Their 1.0-litre and 1.5-litre turbo-petrol engines can also run on CNG in Europe.
They make 90PS/130PS, respectively. Around 20PS less than petrol powered TSI counterparts
These new engines will power their mass market cars like the Volkswagen Polo and Skoda Rapid.
The CNG engines are expected to be an option with Skoda’s upcoming compact SUV which will rival the Creta.
VW Group hasn’t set a timeline for the launch of their CNG cars in India.
The image of a Skoda Rapid bearing a red number and plate pictured filling up on CNG recently became quite popular. A twitter user even tagged Zac Hollis, asking him when it would be launched, to which the Director of Skoda Auto India replied, and I quote, “It’s a project but as yet there is no final sign off.”

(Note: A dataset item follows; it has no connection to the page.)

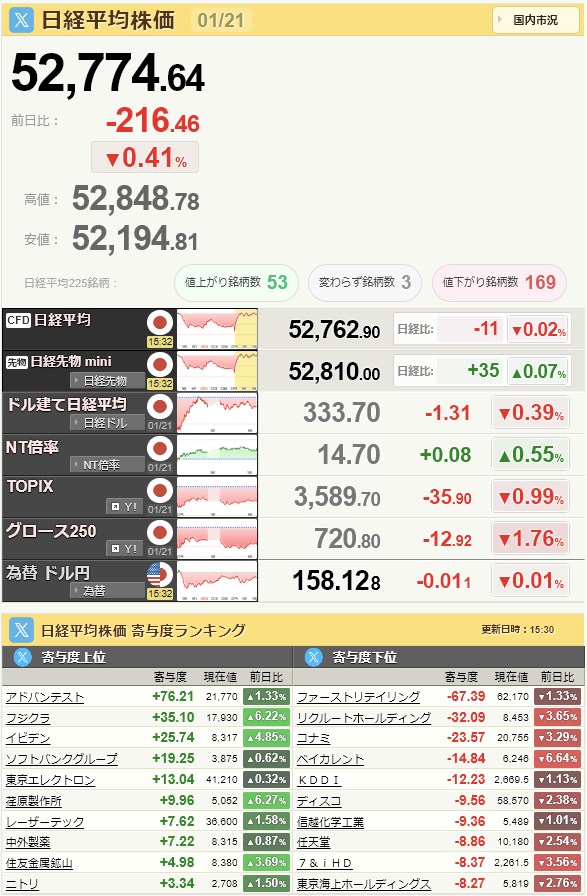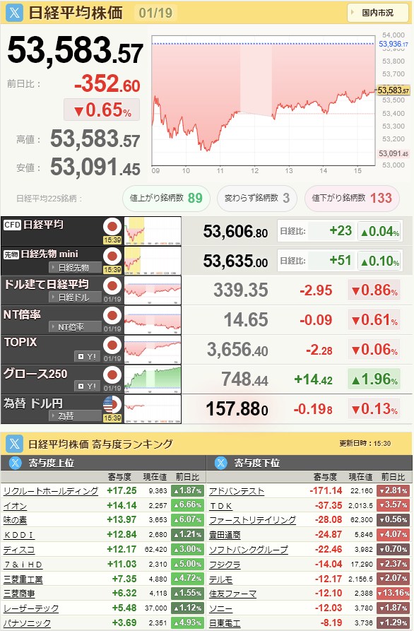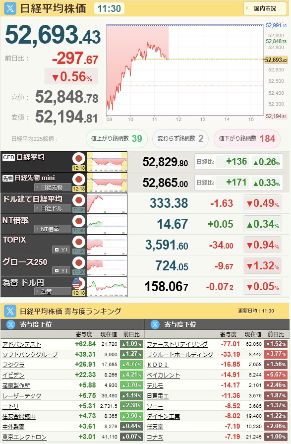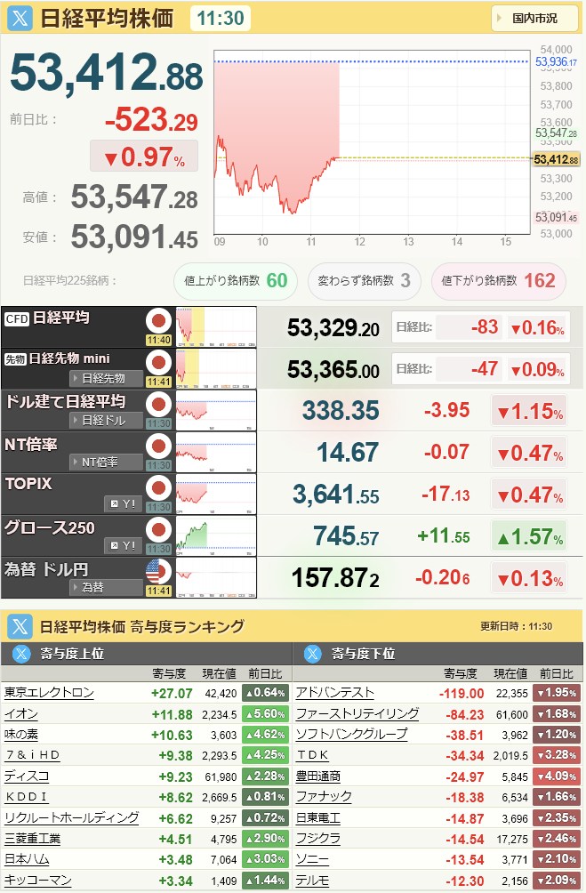 日経平均53,583.57-352.6-0.65%[15:30]米ドル/円157.88-0.19-0.12%[15:39]

The VW Group has been toying with the idea of CNG vehicles for India, and that’s nothing new. They had hinted of it even before their new India 2.0 business plan lineup was revealed ahead of the 2020 Auto Expo. The 1.0-litre and 1.5-litre turbo-petrol engines used in the Rapid and Karoq, respectively, can both be had with a CNG option straight from the factory in some international markets and it's called their TGI line of engines.
The 1.0-litre TGI engine in the Euro-spec Volkswagen Polo makes a maximum of 90PS and 160Nm of torque. That’s not far off from what the petrol powered TSI version of that engine makes (110PS/175Nm) in the Polo and Rapid sold in India. The bigger 1.5-litre TGI engine in the Volkswagen Golf sold in Europe makes 130PS, 20PS shy of what the same engine makes in the Skoda Karoq sold in India.
This means that the carmaker already has the technology and it’s only a matter of bringing it to India. The Polo CNG sold in Europe has a WLTP certified range of 368km due to its 13.8kg tank while the Golf on the other hand can go further, earning itself a 422 km WLTP range from its 17.3kg tank.
Now it is just a matter of adapting this technology to Indian conditions. And that is what the Skoda Rapid in the image is possibly doing. Zac Hollis has himself confirmed that they are looking at it but there is no fixed end date.
But, while they have the technology and it offers decent enough performance, Skoda and Volkwagen are both wary of the ‘poor-man’s-fuel’ tag that exists around CNG in India. It wouldn’t really suit their image of offering sporty and premium cars in India.
The bottom line is this, CNG-powered Skoda and Volkswagen vehicles will be sold in the future, but as they have just begun testing in India, it won’t happen any time in the recent future.